If possible, please have a look at the two questions that I got while reading the answer to this similiar question: Proof that every point of every open set E⊂ℝ^2 is a limit point of E?⊂ℝ2-is-a-limit-point-of-e

1. "$q_s=(x_1+s,x_2)$" should be $q_s=(x_1+s,y_1)$, right?
2. I still don't understand why there should be $\epsilon$. Why can't r complete the proof?

I don't have the right to comment on the original post led by the above link, so I ask the two questions here. Finally, I find this forum very active, responsive and helpful, but not quite friendly to newcomers.

Answer 1

Every k is A $\iff $ there is no k that is not A.

So every point of the empty set is a pink alligator that eats square circles... because the empty set does not have any points that are not pink alligators that eat square circles... because the empty has no points at all so none of them can avoid being a pink alligator that eat square circles.

To the statement is true for the empty set. Every point in $\emptyset$ has property $X$ because there are no points in $\emptyset$ that don't have property $X$.

Every point is a limit point. And every point is not a limit point. And every point is green. And every point is not green. This is because there are zero points all "all of zero" is .... zero. And zero of the points are limit points. So all points are limit points because zero is all the points there are and zero are limit points.

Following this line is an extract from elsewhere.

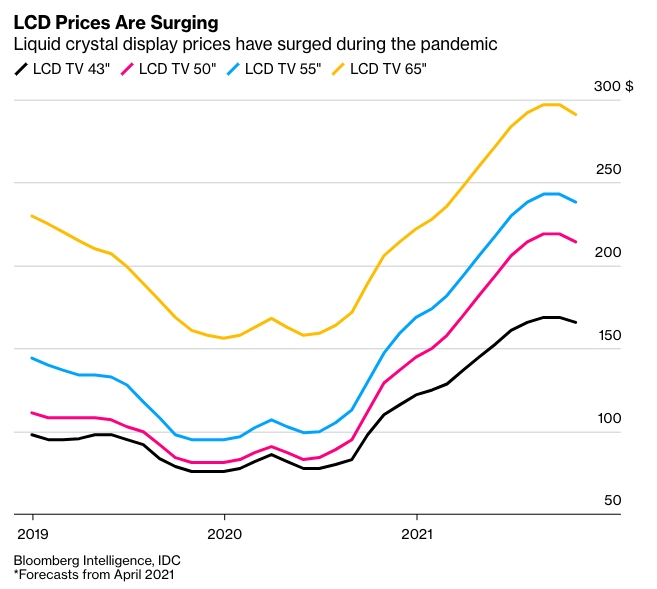 显示驱动芯片的短缺导致了液晶面板价格的飙升。去年1月到今年3月,一块50英寸液晶电视面板的售价增长了一倍。彭博行业研究分析师马修·坎特曼(Matthew Kanterman)预计,液晶面板价格将不断上涨,一直持续到今年第三季度。他指出,显示驱动芯片遭遇了“可怕的短缺”。

So that is not a counter example.

1) Yes, that was a typo.

2)Because $r$ defines one neighborhood. We must prove this is true for all neighborhoods.

Answer 2

For the open set part, you are asked to show whether the following statement is correct:

Let $E$ be an open set in $\mathbb{R}^2$. If $p\in E$, then $p$ is a limit point of $E$.

Your counterexample by letting $E=\emptyset$ is not correct. Because by definition, empty set contains no element, which means you can't select element from it, hence the if part of the above statement is false. Then for the statement $P\rightarrow Q$, if $P$ is false, no matter whether $Q$ is true or false, we say $P\rightarrow Q$ is true. Therefore, for $E=\emptyset$, we know the statement is true.

For the proof in your link:

1. Yes. $q_s=(x_1+s,y_1)$.

2. We are asked to show $p$ is a limit point of $E$, which means for any $\epsilon>0$, we need to find a $q_\epsilon\in E\cap B(p,\epsilon)\setminus\{p\}$.

Answer 3

You can do this more easily by noting that $\mathbb R^2$ has no isolated points. A point $p$ in a space $X$ is isolated iff $\{p\}$ is open.

Let $p\in U\subset R^2$ where $U$ is open. If $V$ is any nbhd of $p,$ then there exists open $V'$ with $p\in V'\subset V.$

Now $U\cap V'$ is open and not empty (as it contains $p$) so $\phi \ne U\cap V'\ne \{p\}.$ So there exists $q\in U\cap V'$ with $q\ne p.$

So any nbhd $V$ of $p$ contains a point $q$ with $p\ne q\in U.$